車内異臭騒ぎ

 イタリアにも日本の新幹線っぽいものが走ってます。国鉄が民営化されたTrenitaliaトレニタリア社の特急フレッチャと、民間の高速鉄道Italoイタロ。体感ではイタロのほうが遅れや運休が少なく安定してますが、近年はもっぱらイタロが通ってない南にばかり行っているので乗る機会がありません。


 フレッチャには3種類あってFrecciarossaフレッチャロッサが最も早く、最高速度300km/hだったかな。新幹線の速度とか私は全然知らないんですが、山陽新幹線の「のぞみ」と同じらしいです。フレッチャロッサは「赤い矢」を意味し、車体も鮮やかな赤い色をしています。


 ローマから海沿いに南の方へ行くときはFrecciargentoフレッチャルジェント(銀の矢)かFrecciabiancaフレッチャビアンカ(白い矢)がきます。速度は劣るけど乗ってたら分からないし、快適だし、ほとんどは何の問題もなく目的地に着きます。


 で、そのフレッチャでバーリ方面に南下していたときのこと。


 クリスマスシーズンで車内は満席。私は漫然と車窓からの風景を眺めていた……って書いたら無駄に渋い大人の一人旅って感じしますね。いや単に疲れてるだけ。なんせ片道合計8時間あるし、Wi-Fiは使えないし(ある地点を過ぎるとなぜか繋がらなくなる)。飽きるし。好きなんですけどね、列車の旅。


 で、ぼへっとしていたとき、静かな車内に年配の女性の声が響き渡りました。


「すみません、靴を履いてもらえます? 足が臭いんですけど」


 どき。でも脱いだ記憶ないけど。


 すると、

「え? 俺の足は臭くないよ」

 と同じく年配の、今度は男性の声。


 どうやらどっかのおじさんの足が臭いと文句言われてるらしい。座席が四人掛けのボックスなので前後を見渡しにくく、誰がしゃべっているかは見えません。


 どちらも貫禄ある感じの声でしたねえ。


「俺の足じゃないよ。俺の足はめちゃくちゃキレイなんだから」

「きれいかどうかは関係ないでしょ。列車の中で靴を脱ぐもんじゃありませんよ」


 この瞬間、脱いでた他の人は全員急いで履いたんじゃないですかね。足が臭いという指摘を当のおじさんは受け入れられないご様子。車内は終始シーンとしてましたが、近くの席の人は真顔を保つのに苦労したんじゃないでしょうか。


「とにかく靴を履いてくださいよ。
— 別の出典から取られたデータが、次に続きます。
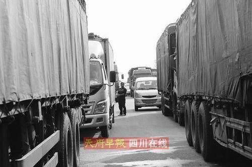 成都某物流基地車場管理員王興順發(fā)現(xiàn),從10月中旬開始,車場內(nèi)停的車越來越多,截至昨天上午11點,車場內(nèi)停了1500多輛車,“從開張以來,就沒有見過這樣的情況!蓖跖d順說,從上個月開始,調(diào)度室里熱鬧不起來了,司機們運完貨回到車場,“都找地方玩去了!
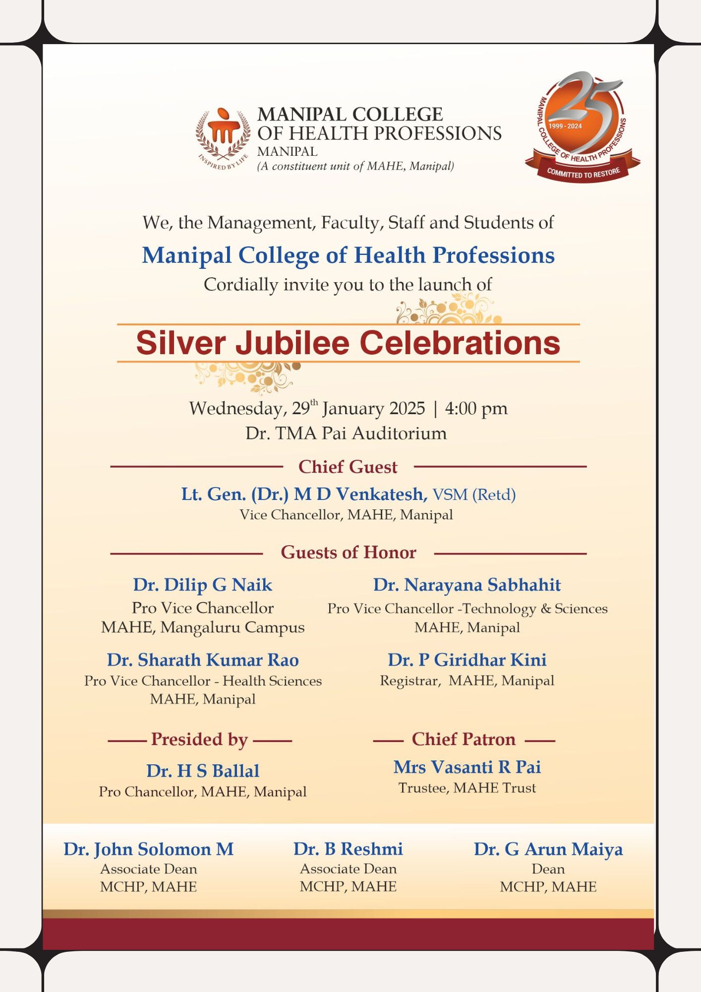 Venue: Sharadha Hall, Manipal College of Health Professions
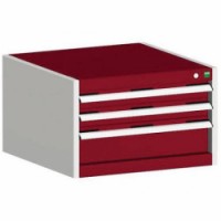 Zásuvkové skříně Bott Cubio se zásuvkami s nosností 75 kg a 100% výsuvy na válečkových ložiskách. Robustní svařovaná ocelová konstrukce s nosností až 1,5 tuny, povrchová úprava práškovým lakem. Systém centrálního zámku i blokace otevření více zásuvek najednou. Ergonomické rukojeti s popisovatelnou lištou, uzamykání cylindrickým zámkem se dvěma klíči.Dílenské zásuvkové skříně Bott Cubio, 40 x 65 x 52,5-75 cm, 3 zásuvky
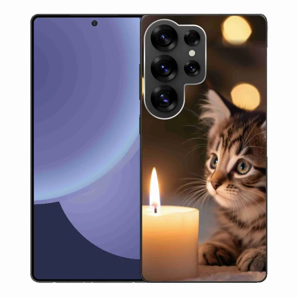 Pružný gélový obal mmCase s obrázkom na Samsung Galaxy S25 Ultra - mačiatko a sviečka
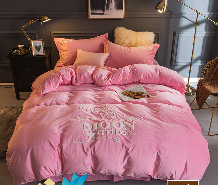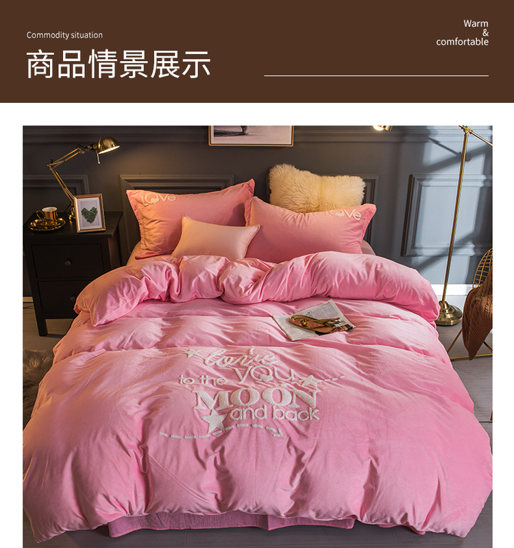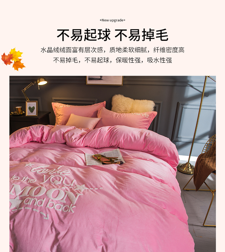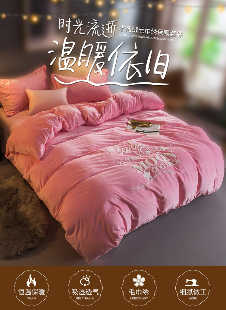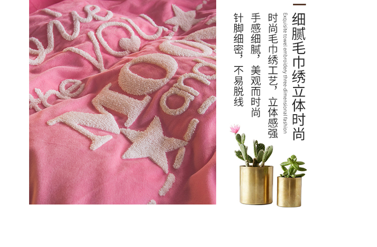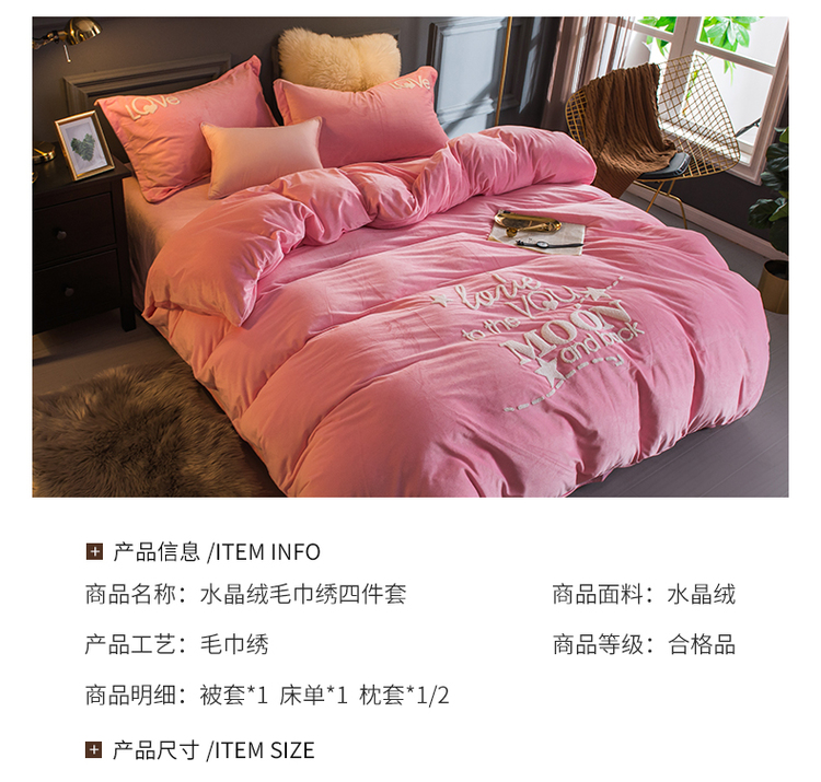 商品名称:卓尔居 水晶绒毛巾绣四件套爱你每一天 粉

空調の風であなたの足の臭いがここまで漂ってくるんです」


 それは辛い。


「臭いのは俺の足じゃないって言ってるだろ」


 確かに、なんでその人だと分かるのかって話ですね。後ろの人の靴下が異臭を放ってたのかもしれないし。自分の足が無臭だって確信もどこからくるのか分かりませんが。いや臭いだろ。


 脱ぎたくなるのは分かりますけどね。


 その後、通りかかった車掌も巻き込んで喧嘩がエスカレートしそうな雰囲気にもなったんですが、最後には「さっきはすみませんねえ」「いやこちらこそ」な感じで和解しつつ同じ駅で穏やかに降りていきました。


 そのあと「ちょっとお時間あります? そこでコーヒーでも」って展開で恋が芽生えたら足臭からはじまった恋ですね。